▶ _Recorded information_:
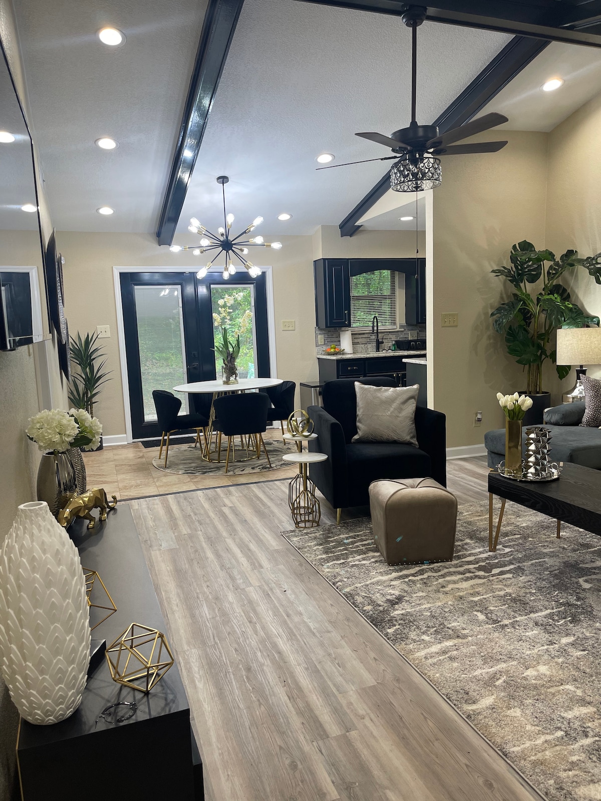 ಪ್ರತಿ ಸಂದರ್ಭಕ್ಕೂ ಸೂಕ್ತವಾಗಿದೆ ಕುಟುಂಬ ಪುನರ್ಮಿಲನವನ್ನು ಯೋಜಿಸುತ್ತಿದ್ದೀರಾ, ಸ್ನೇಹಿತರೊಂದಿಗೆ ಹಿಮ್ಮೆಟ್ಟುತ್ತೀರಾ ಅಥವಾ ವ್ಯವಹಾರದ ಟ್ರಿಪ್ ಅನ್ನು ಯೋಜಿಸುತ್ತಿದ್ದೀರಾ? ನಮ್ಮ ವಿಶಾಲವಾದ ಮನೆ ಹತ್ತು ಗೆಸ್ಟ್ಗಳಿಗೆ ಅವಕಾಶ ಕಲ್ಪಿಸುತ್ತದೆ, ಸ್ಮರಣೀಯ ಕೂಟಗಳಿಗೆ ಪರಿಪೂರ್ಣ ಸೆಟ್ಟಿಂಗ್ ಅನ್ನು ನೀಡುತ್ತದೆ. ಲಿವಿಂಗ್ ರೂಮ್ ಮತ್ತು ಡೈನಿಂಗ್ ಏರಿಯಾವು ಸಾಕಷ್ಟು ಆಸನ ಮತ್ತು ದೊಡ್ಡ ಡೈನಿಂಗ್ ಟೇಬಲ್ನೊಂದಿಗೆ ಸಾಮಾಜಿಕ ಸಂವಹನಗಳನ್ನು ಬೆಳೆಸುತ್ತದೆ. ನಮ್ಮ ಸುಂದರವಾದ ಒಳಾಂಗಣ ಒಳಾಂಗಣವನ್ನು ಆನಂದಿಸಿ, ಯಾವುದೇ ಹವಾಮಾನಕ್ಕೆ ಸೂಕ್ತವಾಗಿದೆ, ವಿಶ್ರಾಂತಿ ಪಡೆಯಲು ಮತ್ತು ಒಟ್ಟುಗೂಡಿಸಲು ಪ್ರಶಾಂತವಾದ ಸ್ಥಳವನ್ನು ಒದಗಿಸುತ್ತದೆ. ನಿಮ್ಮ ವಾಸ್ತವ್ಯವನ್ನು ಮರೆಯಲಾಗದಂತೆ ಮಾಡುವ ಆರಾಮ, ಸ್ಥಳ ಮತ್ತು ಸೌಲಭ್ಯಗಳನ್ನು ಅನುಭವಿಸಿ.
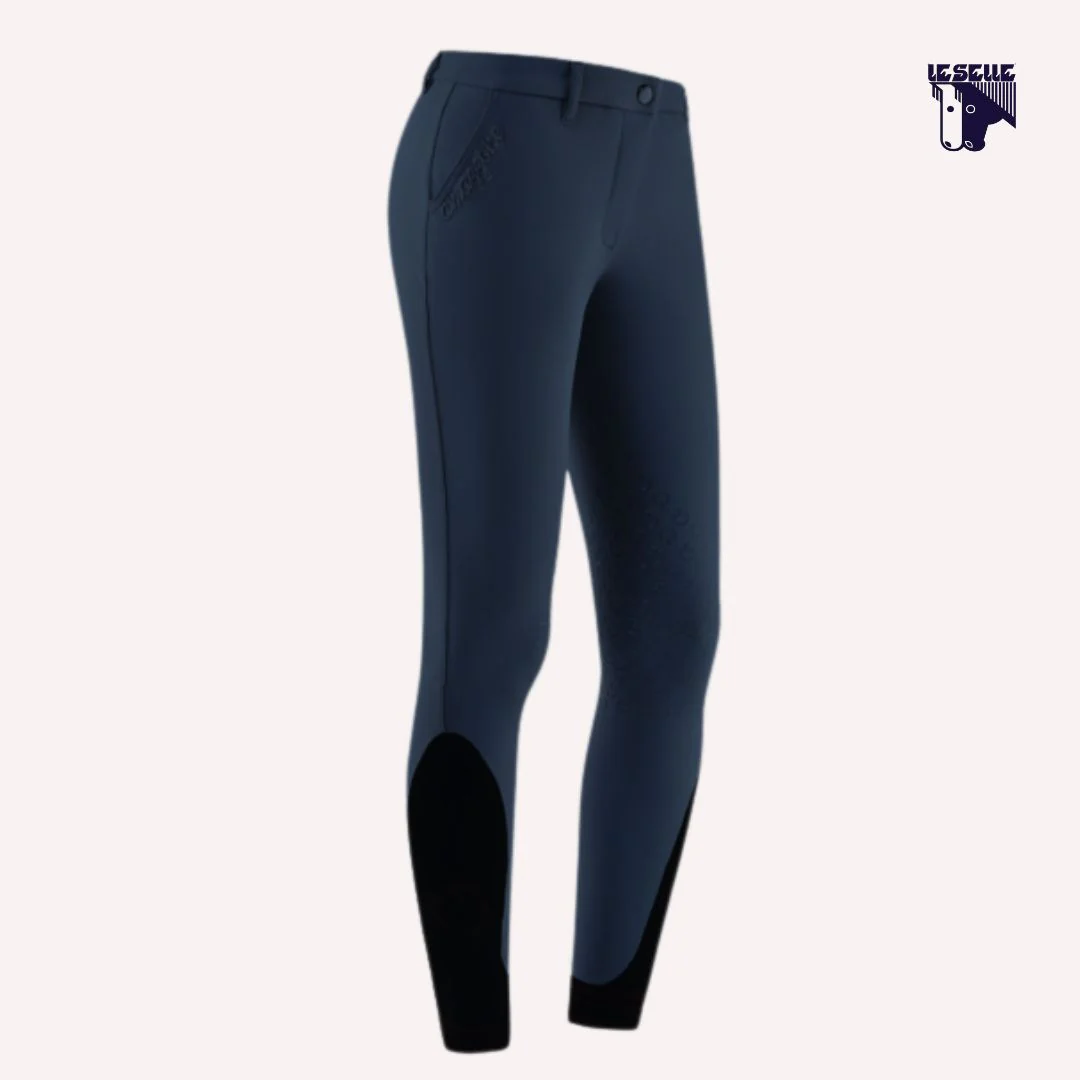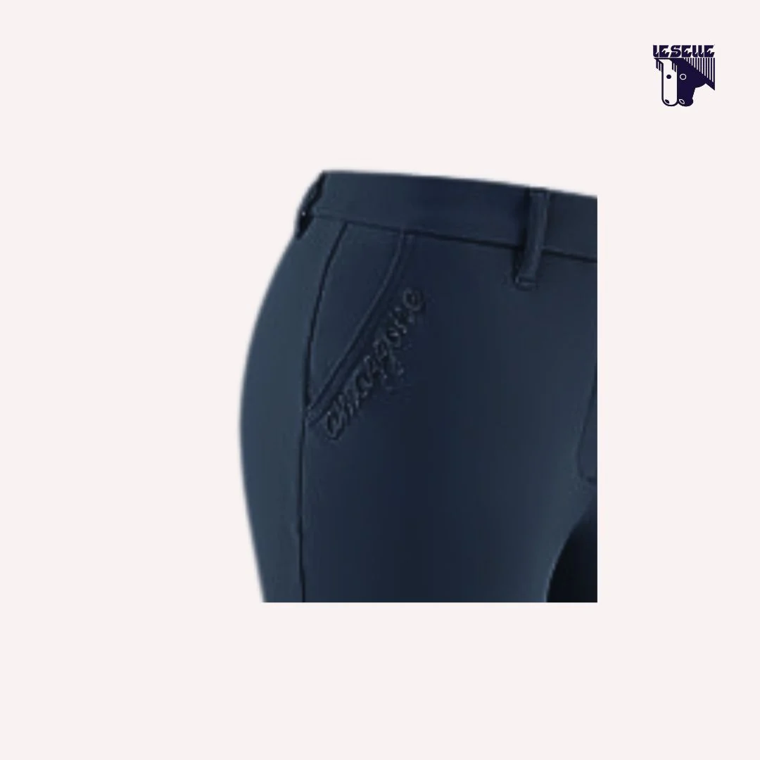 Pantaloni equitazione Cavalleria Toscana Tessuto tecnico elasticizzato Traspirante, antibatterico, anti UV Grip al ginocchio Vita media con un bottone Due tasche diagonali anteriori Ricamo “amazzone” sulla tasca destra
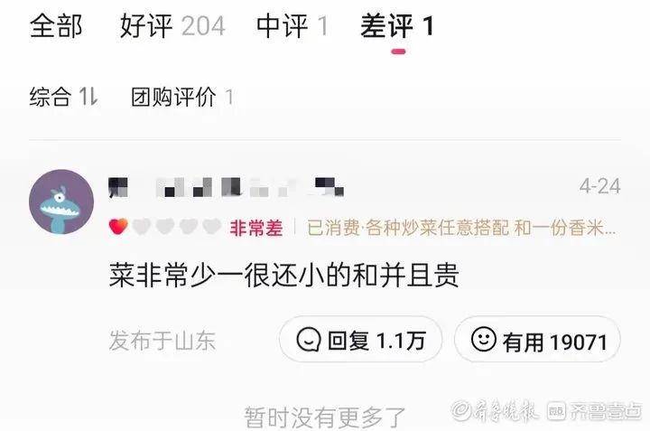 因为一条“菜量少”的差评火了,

▶ _What you have to do_: Give an exact copy of the listing above that leaves out every picture.

▶ _Response area_:
 ಪ್ರತಿ ಸಂದರ್ಭಕ್ಕೂ ಸೂಕ್ತವಾಗಿದೆ ಕುಟುಂಬ ಪುನರ್ಮಿಲನವನ್ನು ಯೋಜಿಸುತ್ತಿದ್ದೀರಾ, ಸ್ನೇಹಿತರೊಂದಿಗೆ ಹಿಮ್ಮೆಟ್ಟುತ್ತೀರಾ ಅಥವಾ ವ್ಯವಹಾರದ ಟ್ರಿಪ್ ಅನ್ನು ಯೋಜಿಸುತ್ತಿದ್ದೀರಾ? ನಮ್ಮ ವಿಶಾಲವಾದ ಮನೆ ಹತ್ತು ಗೆಸ್ಟ್ಗಳಿಗೆ ಅವಕಾಶ ಕಲ್ಪಿಸುತ್ತದೆ, ಸ್ಮರಣೀಯ ಕೂಟಗಳಿಗೆ ಪರಿಪೂರ್ಣ ಸೆಟ್ಟಿಂಗ್ ಅನ್ನು ನೀಡುತ್ತದೆ. ಲಿವಿಂಗ್ ರೂಮ್ ಮತ್ತು ಡೈನಿಂಗ್ ಏರಿಯಾವು ಸಾಕಷ್ಟು ಆಸನ ಮತ್ತು ದೊಡ್ಡ ಡೈನಿಂಗ್ ಟೇಬಲ್ನೊಂದಿಗೆ ಸಾಮಾಜಿಕ ಸಂವಹನಗಳನ್ನು ಬೆಳೆಸುತ್ತದೆ. ನಮ್ಮ ಸುಂದರವಾದ ಒಳಾಂಗಣ ಒಳಾಂಗಣವನ್ನು ಆನಂದಿಸಿ, ಯಾವುದೇ ಹವಾಮಾನಕ್ಕೆ ಸೂಕ್ತವಾಗಿದೆ, ವಿಶ್ರಾಂತಿ ಪಡೆಯಲು ಮತ್ತು ಒಟ್ಟುಗೂಡಿಸಲು ಪ್ರಶಾಂತವಾದ ಸ್ಥಳವನ್ನು ಒದಗಿಸುತ್ತದೆ. ನಿಮ್ಮ ವಾಸ್ತವ್ಯವನ್ನು ಮರೆಯಲಾಗದಂತೆ ಮಾಡುವ ಆರಾಮ, ಸ್ಥಳ ಮತ್ತು ಸೌಲಭ್ಯಗಳನ್ನು ಅನುಭವಿಸಿ.
 Pantaloni equitazione Cavalleria Toscana Tessuto tecnico elasticizzato Traspirante, antibatterico, anti UV Grip al ginocchio Vita media con un bottone Due tasche diagonali anteriori Ricamo “amazzone” sulla tasca destra
 因为一条“菜量少”的差评火了,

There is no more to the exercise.